In many cases, the choices that characters make are key events that determine the shape of a book. They are also great opportunities to explore difficult moral questions and dilemmas. Maybe your character has to choose between the greater good and personal desires. Perhaps they are faced with a decision that hinges on loyalty to loved ones versus making the moral choice. They could be tempted by greed, vanity, cowardice, or anger. There are so many difficult choices you can force upon your characters.

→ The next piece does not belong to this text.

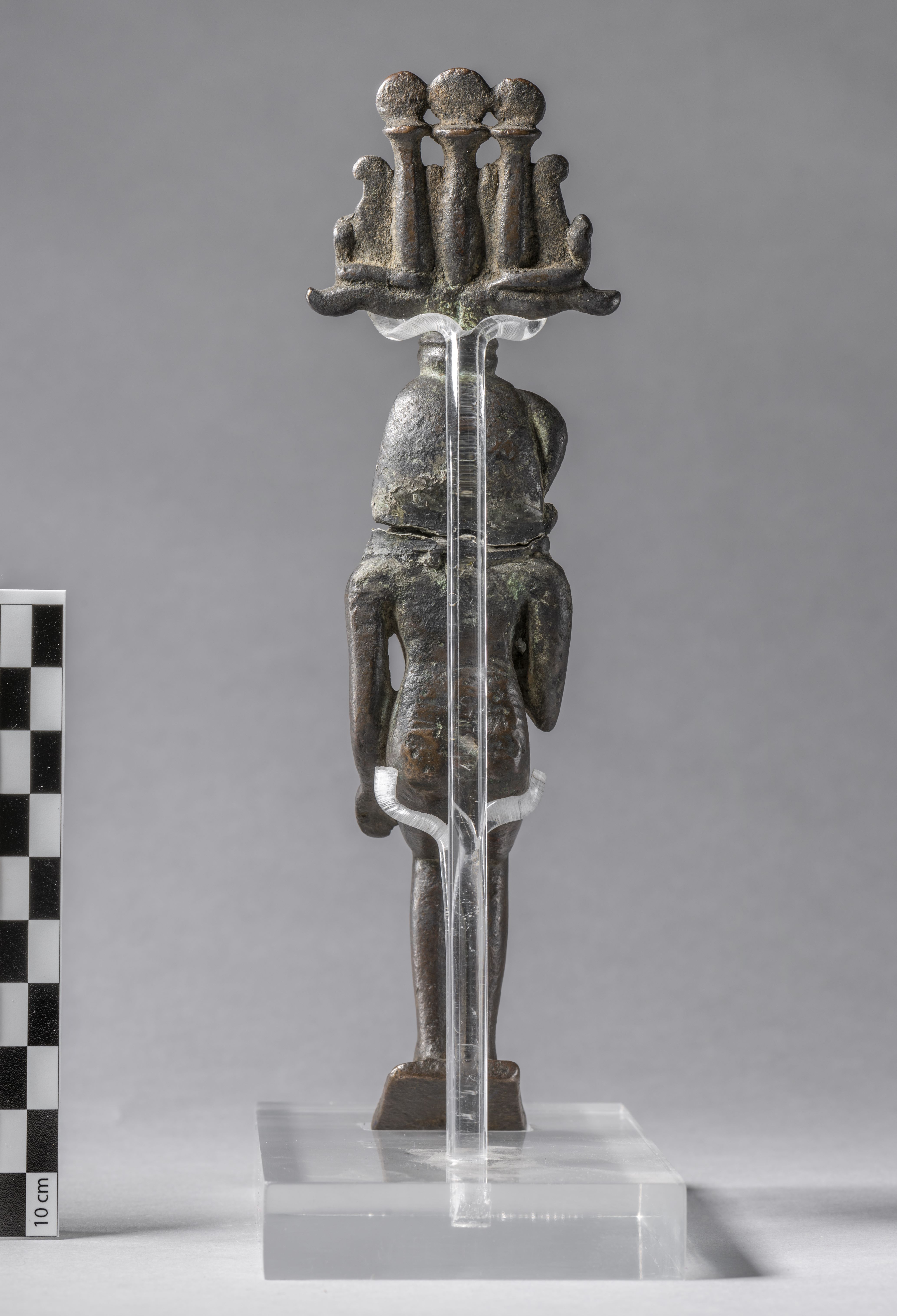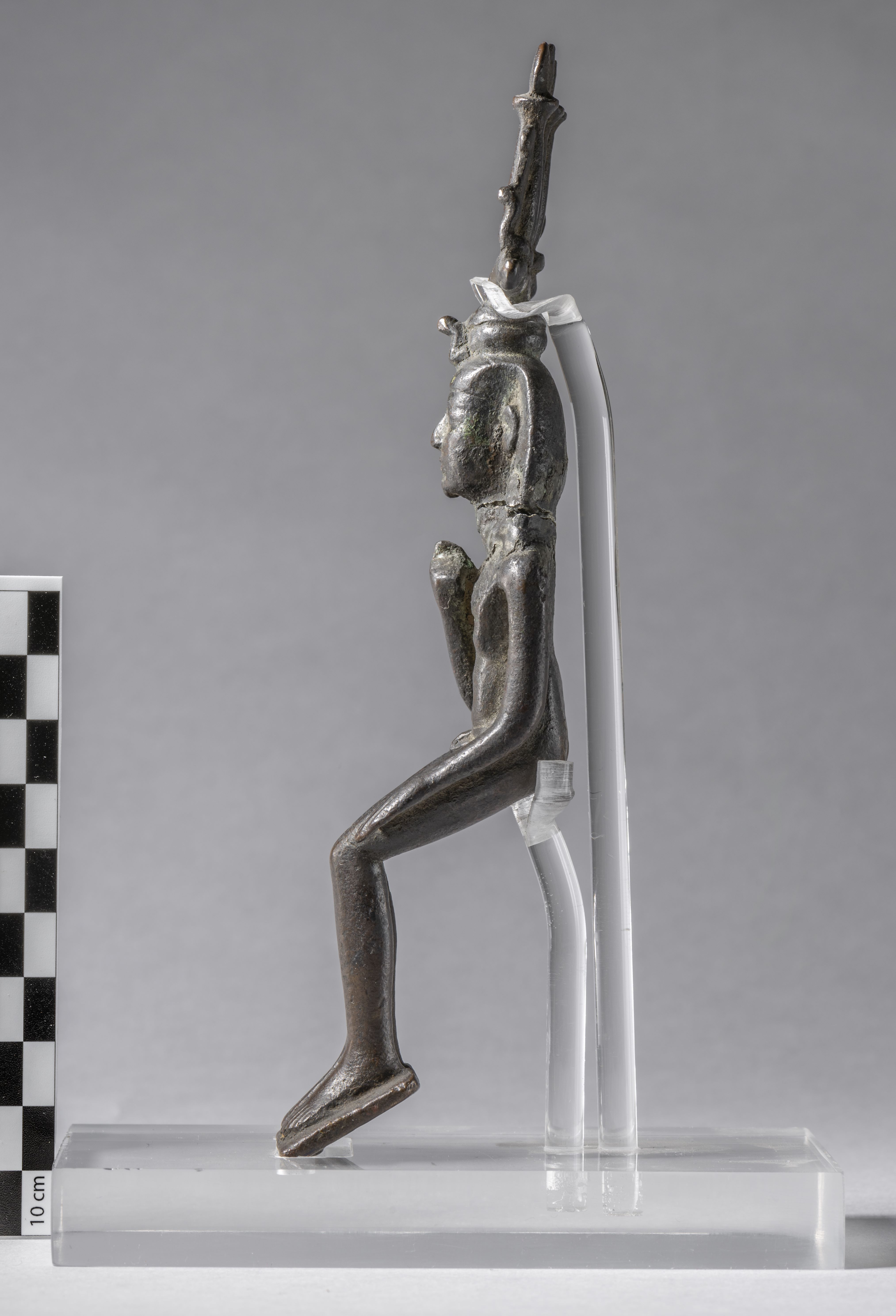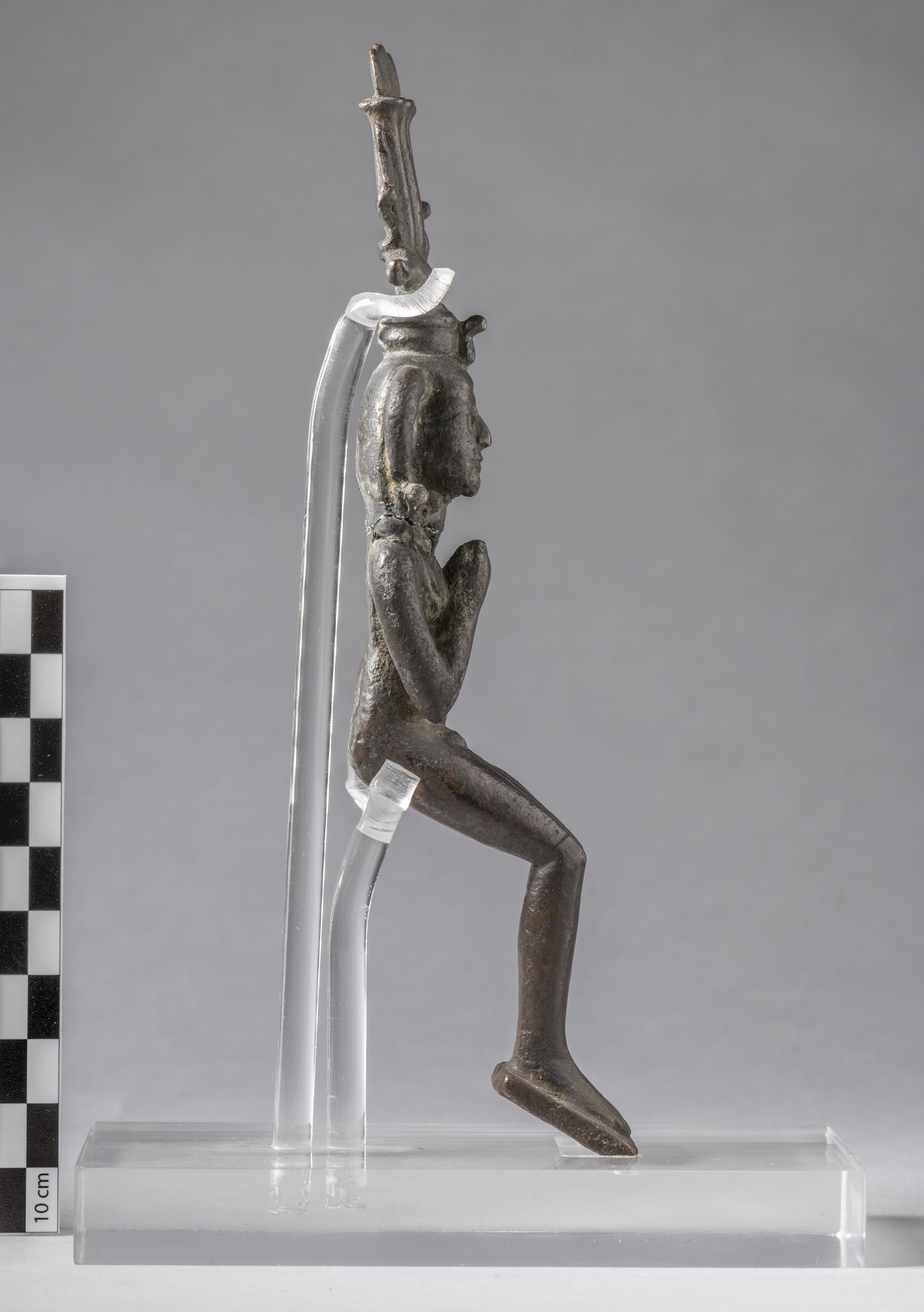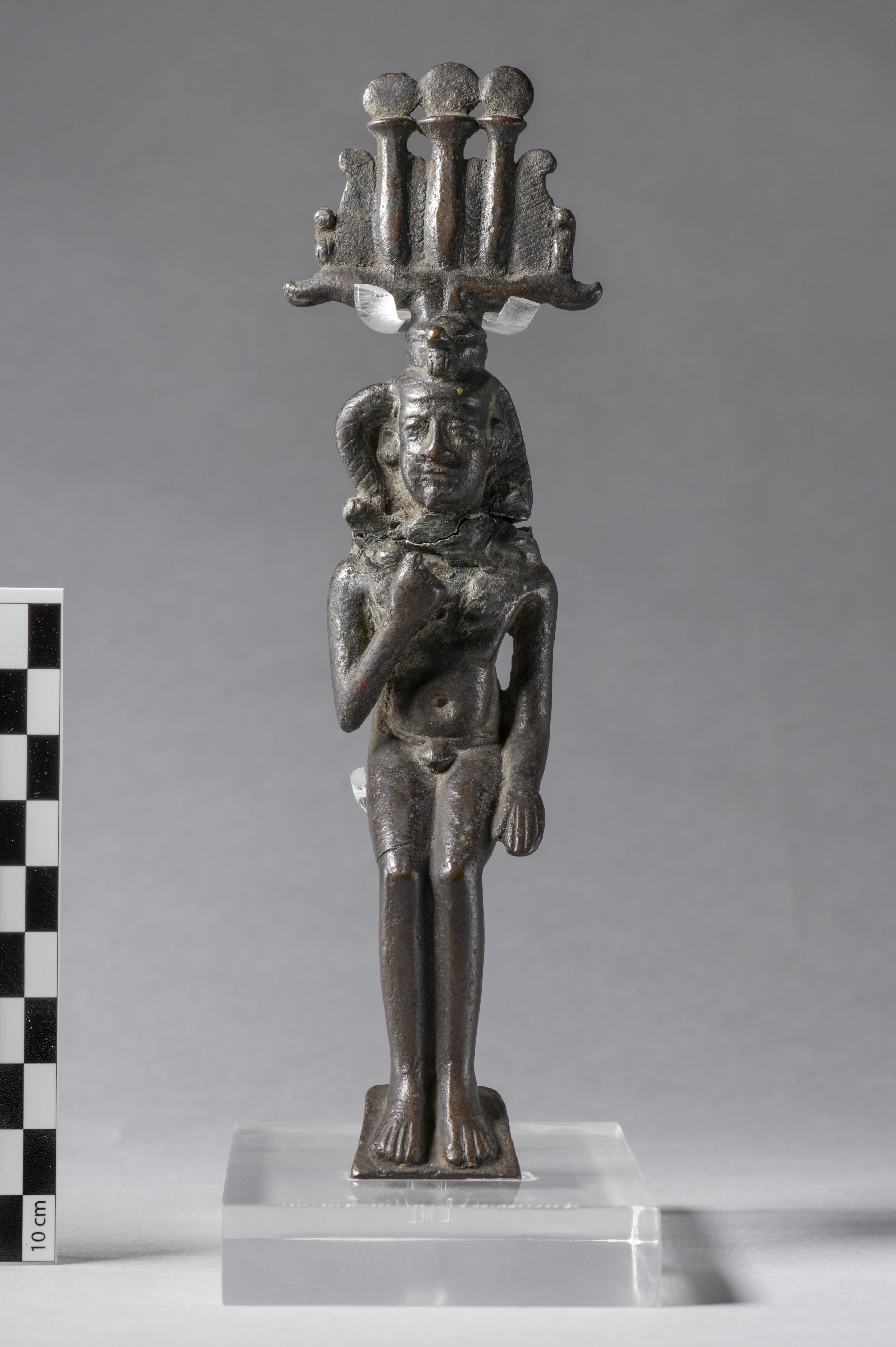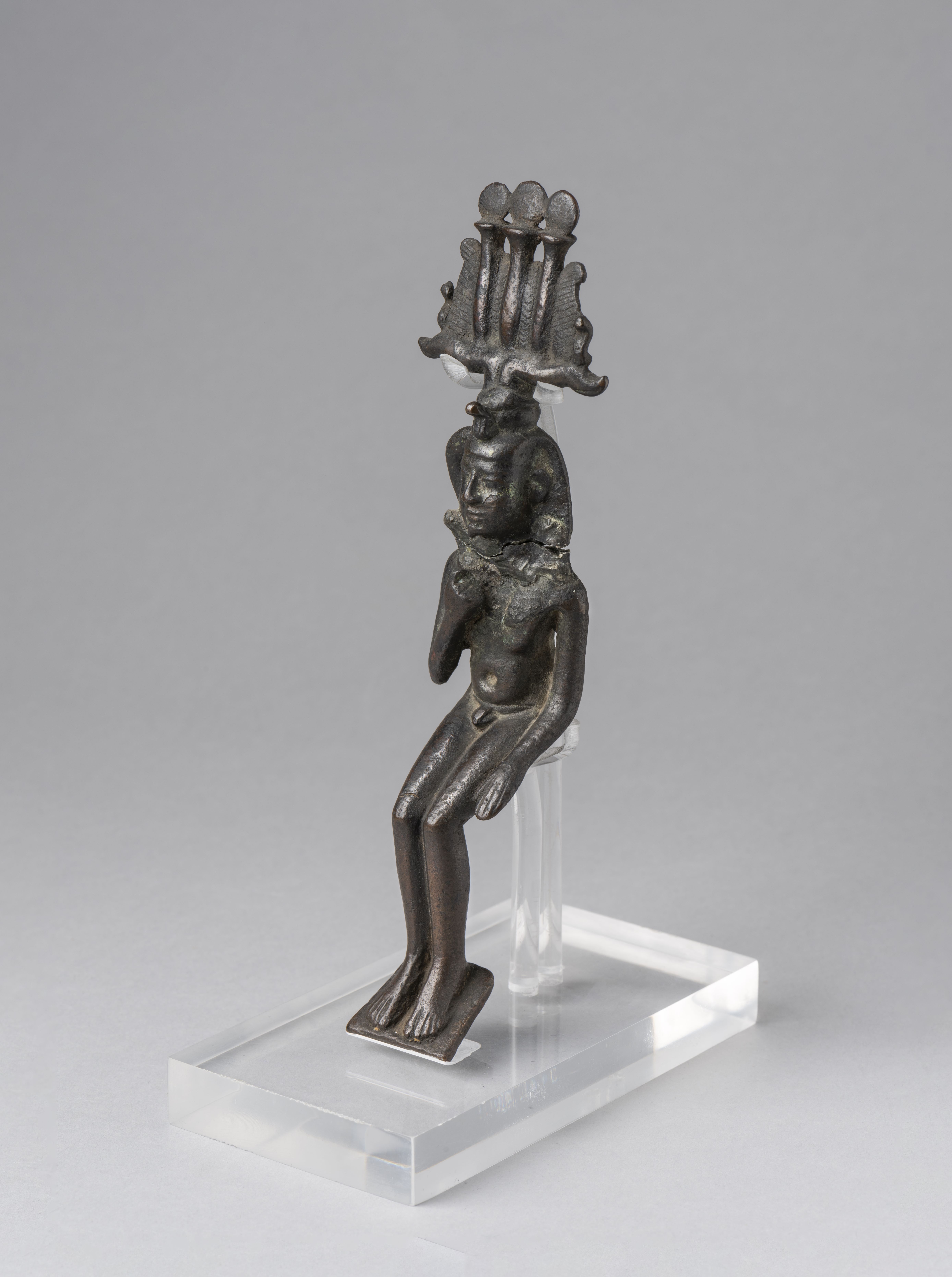 Seated, naked figure of Harpocrates. The head is detached from the body. The god is depicted with the side-lock on the right side of the head, ending with a curl. Harpocrates has the nemes, surmounted by the hemhem-crown. Harpocrates is bringing his now missing right index finger to his mouth, the left arm is at side. The feet rest on a thin trapezoidal base. The object is made in the lost-wax technique for solid casts.

Not only can such decisions drive the narrative of a book, but they can also make readers think about very real dilemmas they face in their own lives, and broader questions about the nature of "right" and "wrong." A really good book doesn't just entertain us, but makes us think and forces us to come to our own conclusions. It makes us consider things we may not have before and leads us to apply ideas to the real world, no matter how magical the setting of the book is.

Focus on relationships

Often, the decisions that a character has to make and the experiences they go through are closely linked to other characters. In the case of Frankenstein, the central relationship is between the monster and the scientist who created him. It's not a relationship that involves much contact, but it is what the narrative revolves around. Relationships can redeem, such as Snape's love for Harry's mother Lily. Alternatively, they can cause a character's downfall, such as Jaime Lannister's incestuous relationship with Cersei or Gatsby's obsession with Daisy Buchanan. Humans are social creatures, and we are affected by our relationships with others. Moreover, relationships are a great motivating factor for morally ambiguous characters, whether they lead to temptation, redemption, or other moral challenges.

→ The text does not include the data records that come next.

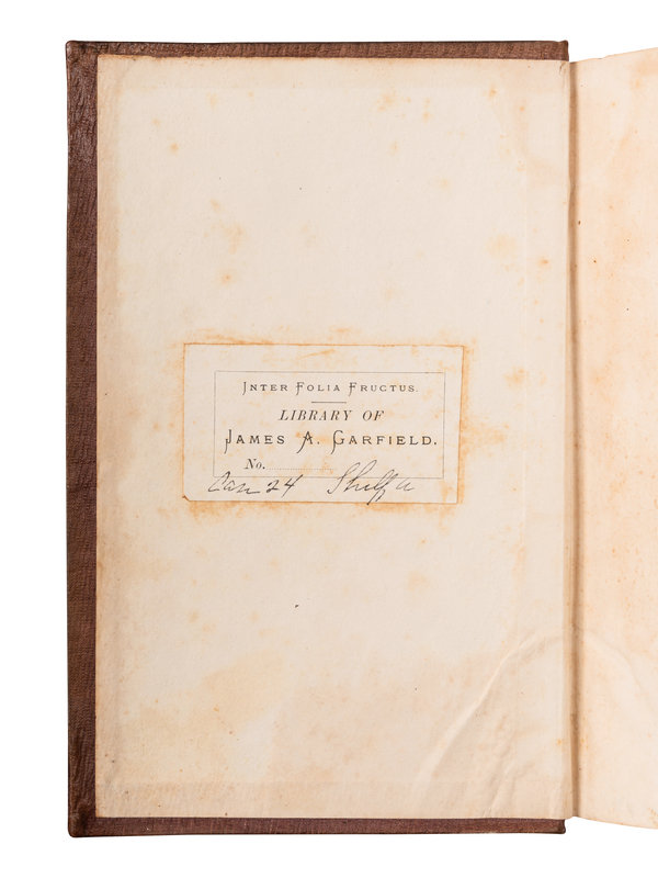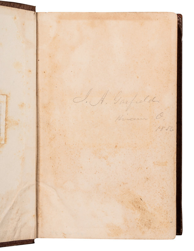 JAMES GARFIELDS COPY, INSCRIBED BY HIM on pencil on front free endpaper: “J. A. Garfield / Hiram O. / 1856”. With his bookplate (Inter Folia Fructus. Library of James A. Garfield” and shelfmark in ink. Books from Garfield’s library are scarce.
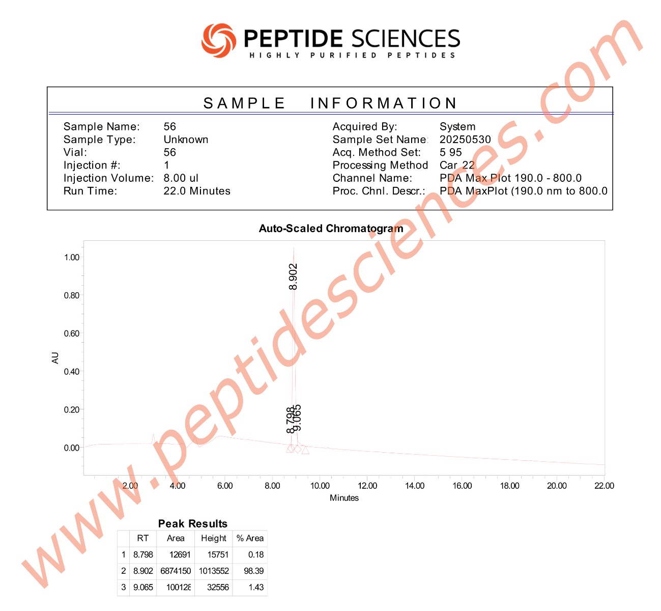 When you purchase from PeptideScience, you are buying directly from the industry leader in research peptides. We understand that the integrity of your experimental results depends entirely on the chemical purity of your compounds.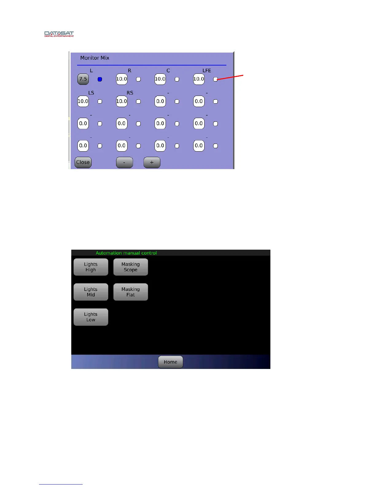 This screen allows for direct control of automation events. These are setup by the theater technician. A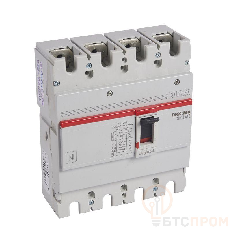 Автоматический выключатель Legrand DRX250 — это надежный четырехполюсный аппарат, предназначенный для защиты электрических цепей в промышленных и коммерческих распределительных сетях. Номинальный ток устройства составляет 125 А, а высокая отключающая способность 18 кА гарантирует эффективное прерывание токов короткого замыкания.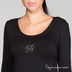 Лонгслив из мягкого трикотажа с круглым вырезом горловины. Спереди джемпер украшен монограммой из страз.

In addition to that, it's important to consider the conflicting motives and forces informing all of your characters. Although not all your characters need to be morally ambiguous, they should all be complex. Even the most heroic character can struggle with temptation and can make the wrong choice from time to time. Even the evilest villains should have elements that we can empathize with or moments of kindness. Otherwise, they are nothing more than a caricature. That does not mean that you cannot have people who are essentially good and those who are essentially evil. However, inserting a little ambiguity into all of your characters makes them more authentic and human. Each character should be well-rounded, believable, and multifaceted. Writing explicitly morally ambiguous characters can help you make better characters all round.

There is so much you can do with morally ambiguous characters, whether you write mystery, adventure, social commentary, literary or speculative fiction. They can lie anywhere on the morality scale, and they change and develop in a myriad of ways as the narrative progresses. Their transgressions can be major or mostly within themselves. Their goodness can prevail, or they can succumb to their fatal weakness. They offer opportunities to bring up moral dilemmas and questions about what makes up a person's character and what deserves sympathy or forgiveness. They can make us look deep within ourselves, and they can keep us riveted. If you write them well, they can end up being the most interesting characters in a novel, whether they are central to the narrative or not. You can write from their perspective or someone else's who is trying to figure them out. The possibilities are endless.

Even beyond the explicitly ambiguous characters, expanding the lessons they teach us about humanity by adding elements of ambiguity to all your characters can really elevate your writing. Hopefully, reading this has made you excited to pick up your pen or fire up your computer and start crafting some great complex characters!